Wednesday, 29 April 2009

Learn Security Testing with Fiddler and Watcher

I mentioned that Fiddler forms an essential part of my web testing toolkit, and recently I had a hankering for knowledge of Security Testing. Somehow I found my way to a Fiddler plugin called Watcher from Casaba Security. This lets me slowly learn about security testing in the course of my normal testing.
Simple to use: enable Watcher using the new [Security Auditor] tab that appears after installing watcher, and test normally, then check the Security tab and see the warnings Watcher has flagged.

After installing Watcher I have a new "Security Auditor" tab in Fiddler.

I enabled it (leaving all the checks and params as the default).

Then went off and surfed for a while. Came back and checked the Results tab.

And Watcher has 'flagged' a whole bunch of stuff as worth looking into.

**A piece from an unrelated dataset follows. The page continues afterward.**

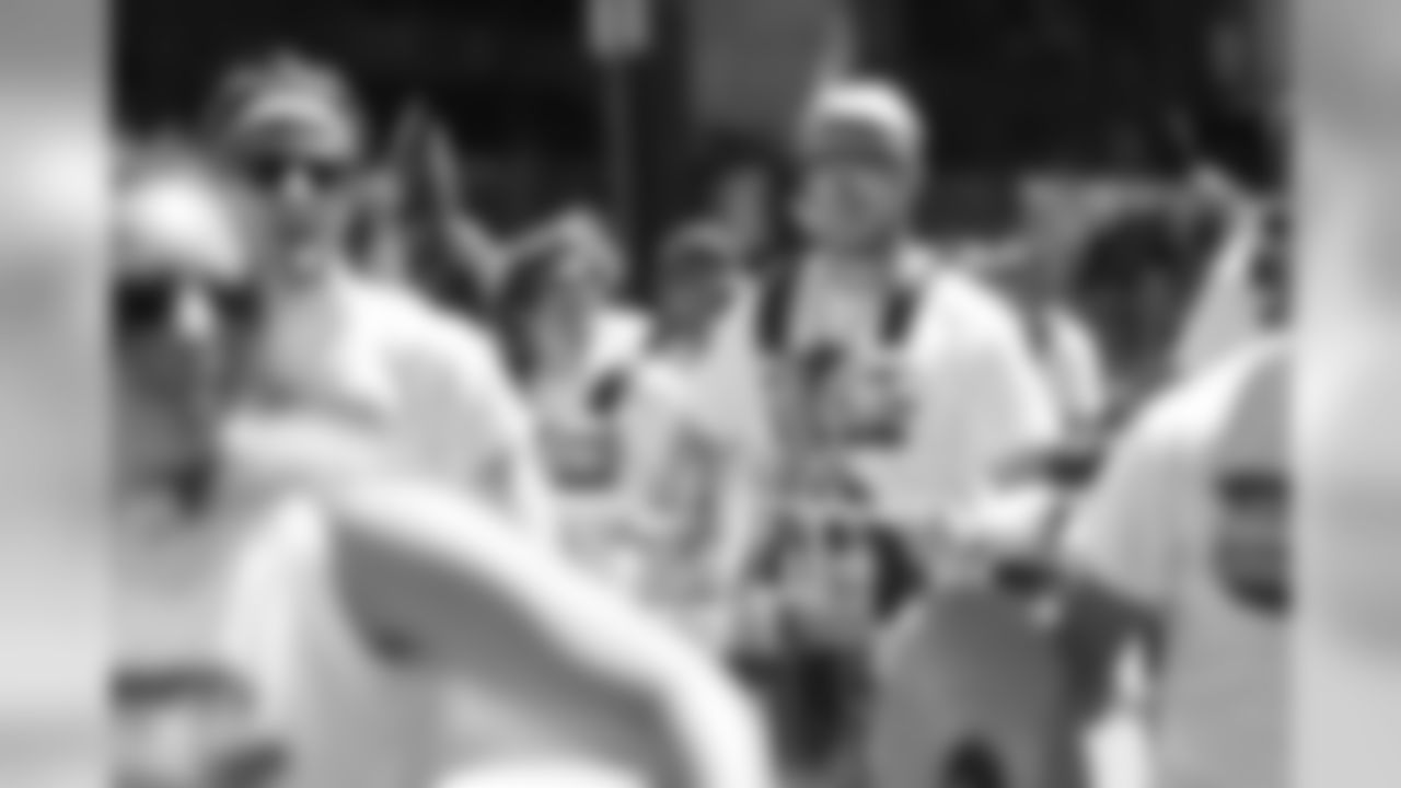 Seahawks drumline Blue Thunder and a handful of Seahawks staff members marched through downtown Seattle in the Pride Parade.

I loved this, so I went off to OWASP to read up on what these might mean and then see if I could figure out how to exploit any of them.
Since I have fiddler running when I test web sites anyway, I shall also have Watcher enabled and after each test session have a quick check for possible security issues and slowly ease myself into learning more about Security Testing. After a while I should feel more confident about tackling the other tools and techniques listed in the "OWASP Testing Guide".
So if you haven't installed Fiddler yet - do it. And if you have then - head off to the addons page and go find thee Watcher.


  1. Don't forget performance testing with neXpert!!

    neXpert looks really useful. I just haven't been able to install it yet. Thanks for the pointer Adam.

  2. Thanks for the nice review of Watcher! I wanted you to know we'll be releasing a new version soon with many improvements including support for OWASP's new ASVS standard, with clear mappings so you'll know what level of coverage Watcher provides.

    Thanks Chris, I'll be watching out for the new release.

  3. [...] Learn Security Testing with Fiddler and Watcher – Alan Richardson (Evil Tester); [...]

    One for all you Portuguese readers

  4. Just wondering, can the security results be exported/saved automatically to file. Might be useful for integration with custom log parsing and Selenium to do automated security regression analysis when running automated web app tests. Either parse the results file and send parsed results or just send directly the security results unparsed along with automated test results for QA (and/or developers) to review.